FARM RESIDENCE

The data on farm residence were obtained from questionnaire items H19a and H19b. An occupied one-family house or mobile home is classified as a farm residence if: (1) the housing unit is located on a property of 1 acre or more, and (2) at least $1,000 worth of agricultural products were sold from the property in 1989. Group quarters and housing units that are in multi-unit buildings or vacant are not included as farm residences.

A one-family unit occupied by a tenant household paying cash rent for land and buildings is enumerated as a farm residence only if sales of agricultural products from its yard (as opposed to the general property on which it is located) amounted to at least $1,000 in 1989. A one-family unit occupied by a tenant household that does not pay cash rent is enumerated as a farm residence if the remainder of the farm (including its yard) qualifies as a farm.
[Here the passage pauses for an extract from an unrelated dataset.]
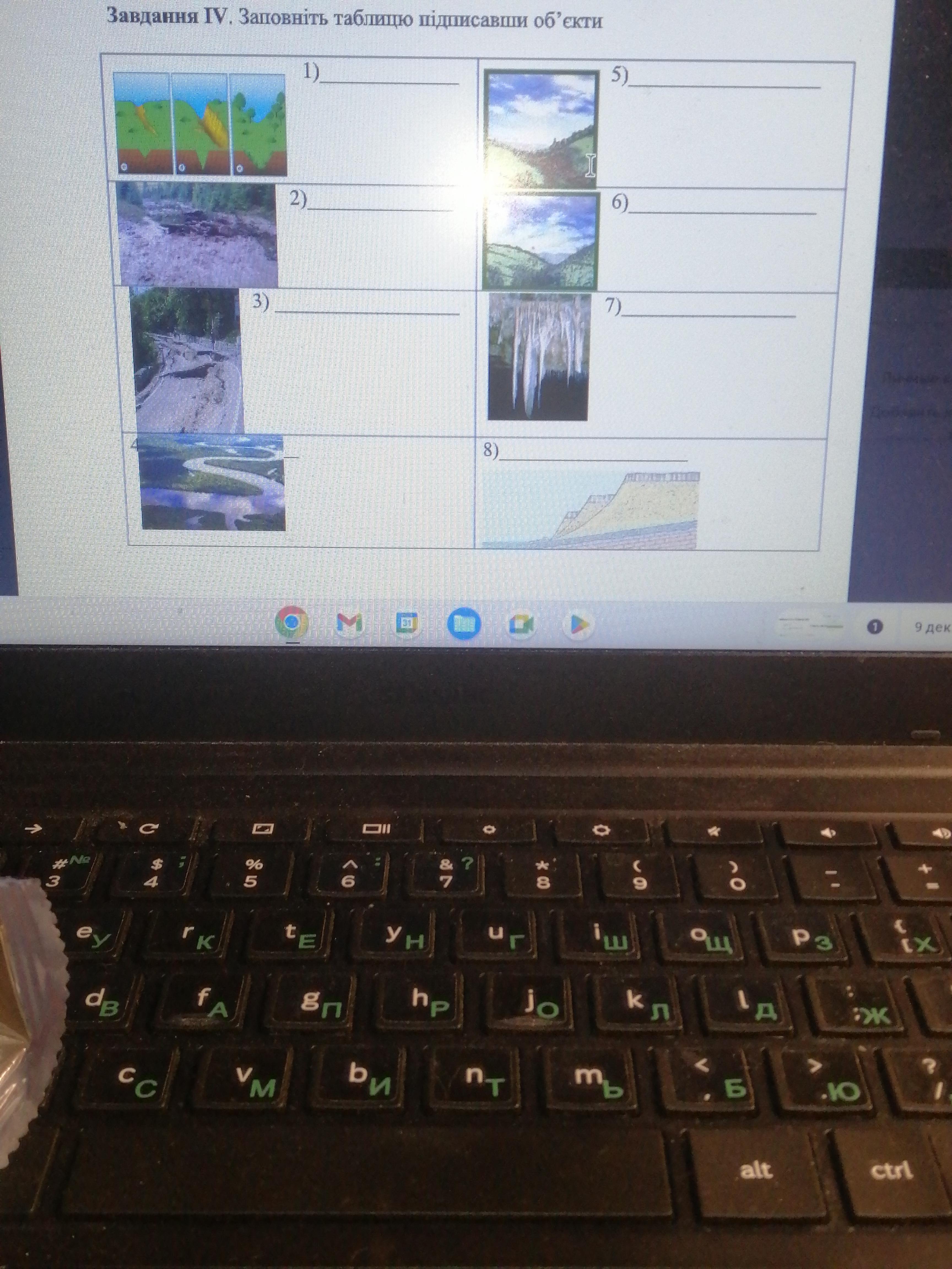 1-яр,2-схоже на болото,3-наслідки землетрусу, або вимивання ґрунту(майбутній яр),4-річка,5,6-не бачу,7-сталактити,8-

Farm residence is provided as an independent data item only for housing units located in rural areas. It may be derived for housing units in urban areas from the data items on acreage and sales of agricultural products on the public-use microdata sample (PUMS) files. (For more information on PUMS, see Appendix F, Data Products and User Assistance.)
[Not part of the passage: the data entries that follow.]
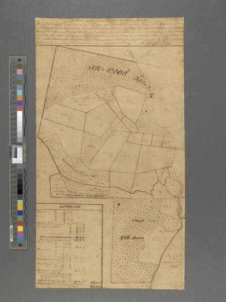 Autograph document signed. Pen and ink with colored boundary lines; with table. Scale: 1 inch = 40 poles. (1 page)
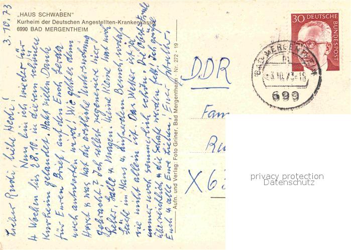 72628559 alte Postkarte Bad Mergentheim Fliegeraufnahme Haus Schwaben der DAK postalisch gelaufen Erhaltung siehe scans [WerneD78] KatCode: 11110008128007
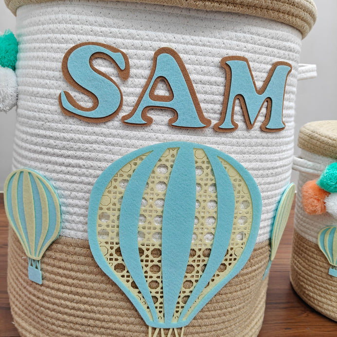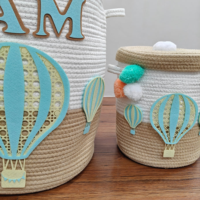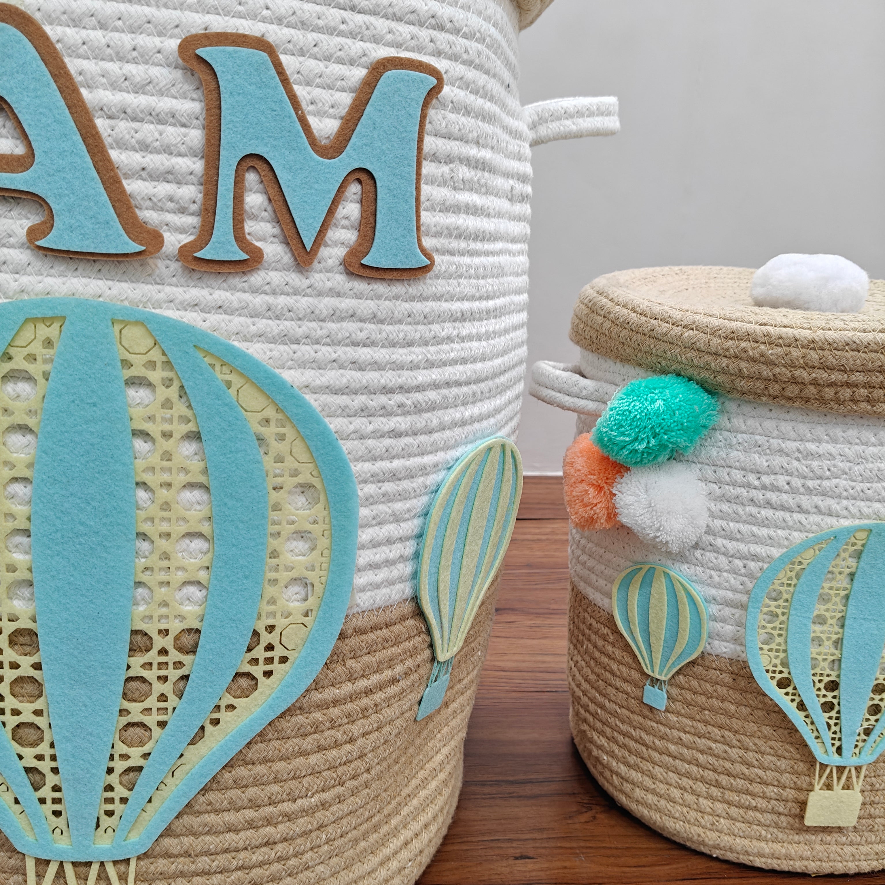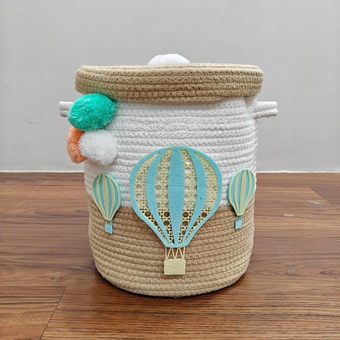 Our Basket crafted from durable jute and soft cotton, it offers both sturdiness and comfort. Perfect for carrying books, toys, or treasures, this basket is as functional as it is enchanting. Elevate your child's storage with a sprinkle of magic and practicality, and let their imagination soar among the stars. This Toffee Drift  theme basket in bright hues serves as a dual purpose of both kid's room decor as well as storage made easy with two convenient sizes and comes embellished with delightful designs of Hot balloon
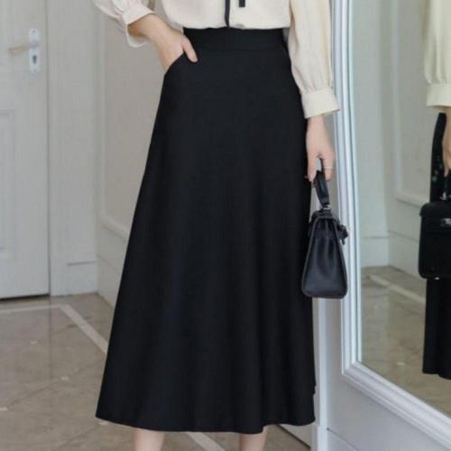 스커트 블랙 여자 플레어 롱 A라인 밴딩 단정한 허리
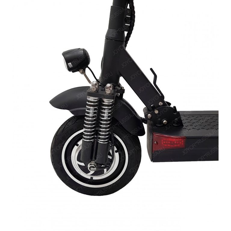 - Электрический складной самокат Joyor Y10S имеет передний и задний дисковый тормоз, а так же усовершенствованную двойную переднюю подвеску.

The farm population consists of persons in households living in farm residences. Some persons who are counted on a property classified as a farm (including in some cases farm workers) are excluded from the farm population. Such persons include those who reside in multi-unit buildings or group quarters.
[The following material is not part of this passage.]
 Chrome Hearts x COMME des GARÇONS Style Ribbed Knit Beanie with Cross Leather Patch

Comparability--These are the same criteria that were used to define a farm residence in 1980. In 1960 and 1970, a farm was defined as a place of 10 or more acres with at least $50 worth of agricultural sales or a place of less than 10 acres with at least $250 worth of agricultural sales. Earlier censuses used other definitions. Note that the definition of a farm residence differs from the definition of a farm in the Census of Agriculture (Factfinder for the Nation: Agricultural Statistics, Bureau of the Census, 1989).